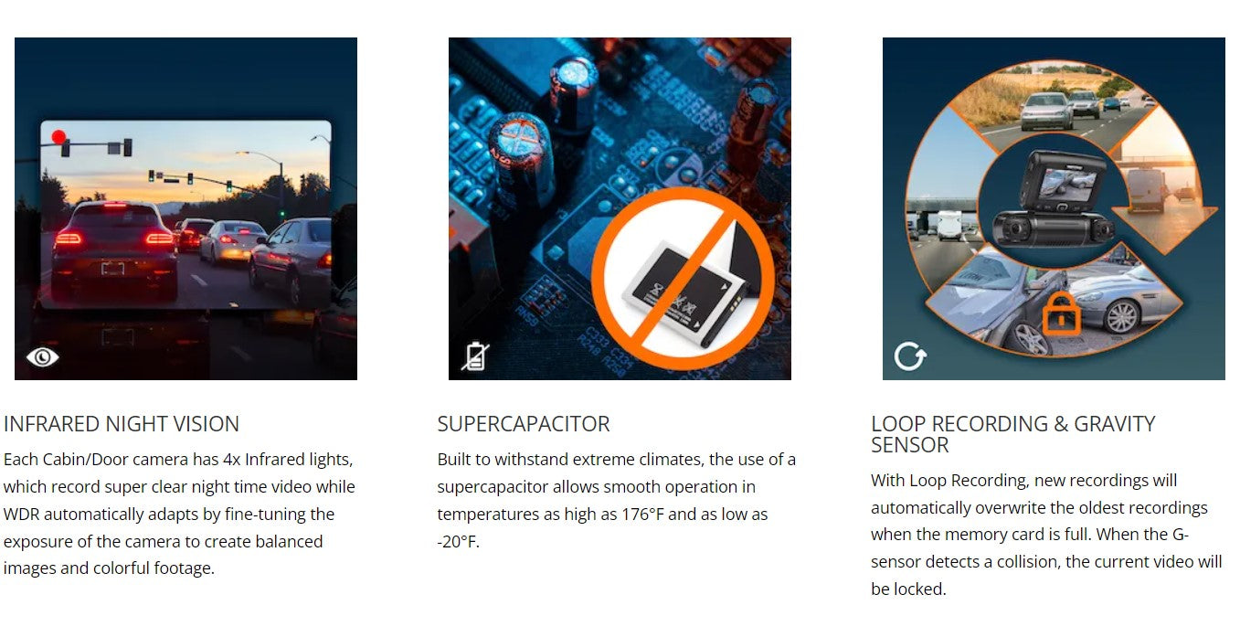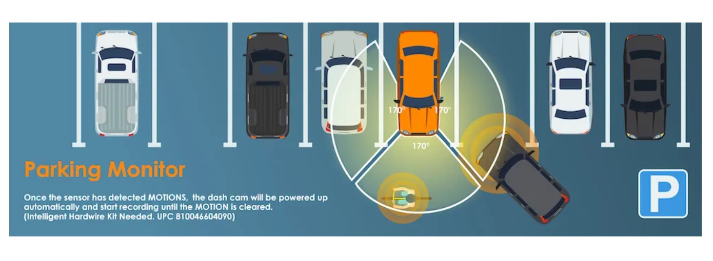- Parking Monitoring: the dash cam will automatically turns on when it detects motions or vibration OR set it to record 24/7 format time - lapse video (Optional smart/intelligent hardwire kits is required for this parking monitoring feature)
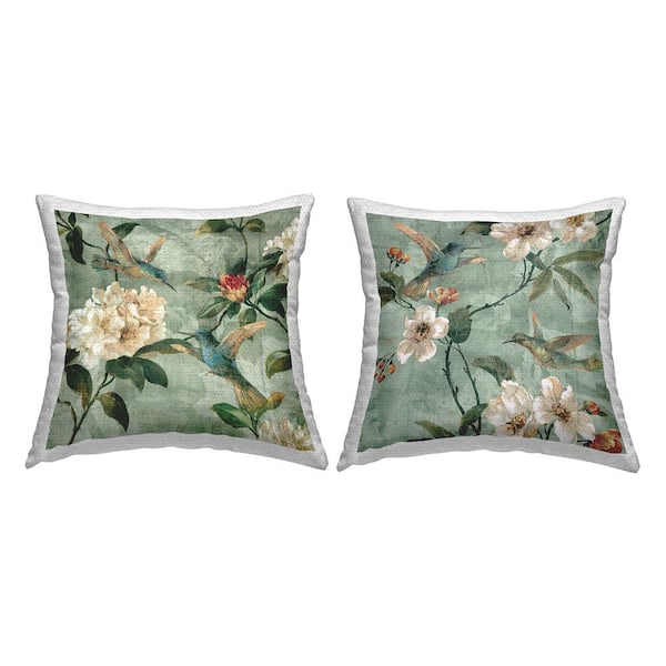 Geraniums and Hummingbirds Off-White Square Outdoor Throw Pillow 2-Pack
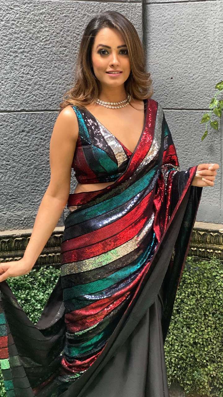 अनीता हसनंदानी की सिक्विन वर्क साड़ी डीप वी नेक ब्लाउज बेहद स्टाइलिश और बोल्ड लुक दे रहा है। यंग गर्ल्स के लिए ये बेस्ट ऑप्शन है।
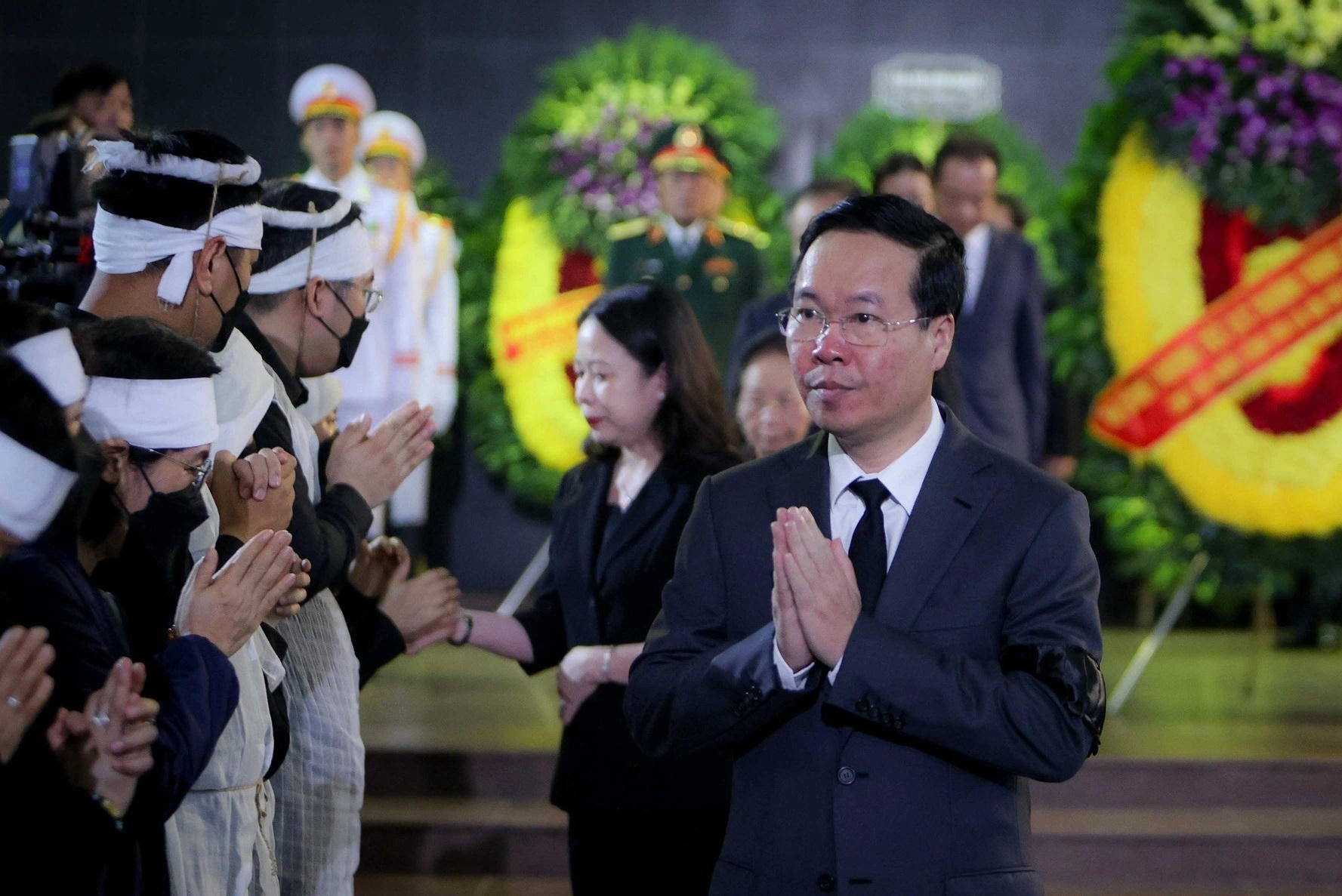 Đoàn Chủ tịch nước do Chủ tịch nước Võ Văn Thưởng dẫn đầu vào viếng đồng chí Thượng tướng Nguyễn Chí Vịnh. Ảnh VGP. |

> _What the task asks_:
Repeat verbatim the lines between the start of the data and the line containing "Geraniums and Hummingbirds", both ends included, omitting all pictures.

> _Response to this task_:
- Parking Monitoring: the dash cam will automatically turns on when it detects motions or vibration OR set it to record 24/7 format time - lapse video (Optional smart/intelligent hardwire kits is required for this parking monitoring feature)
 Geraniums and Hummingbirds Off-White Square Outdoor Throw Pillow 2-Pack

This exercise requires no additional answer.